- DATA PROVIDED -
⁂

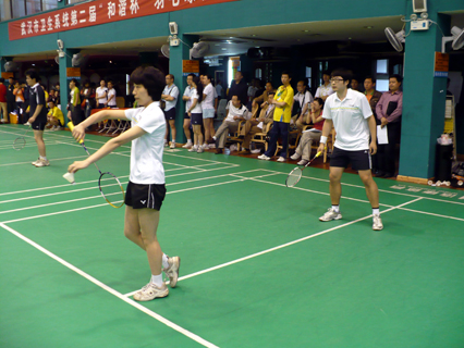 图为鈡茹英、李师亮大夫正在进行混合双打比赛
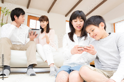 リビングで寛ぐ親子
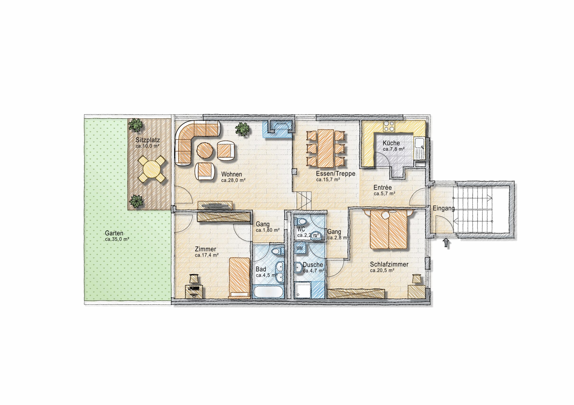 3.5-Zimmer-Gartenwohnung, Ausbaumöglichkeit für 4.5-Zimmer-Wohnung

⁂

- EXERCISE AIM -
Return the listing verbatim, pictures excluded.

- WRITTEN SOLUTION -
 图为鈡茹英、李师亮大夫正在进行混合双打比赛
 リビングで寛ぐ親子
 3.5-Zimmer-Gartenwohnung, Ausbaumöglichkeit für 4.5-Zimmer-Wohnung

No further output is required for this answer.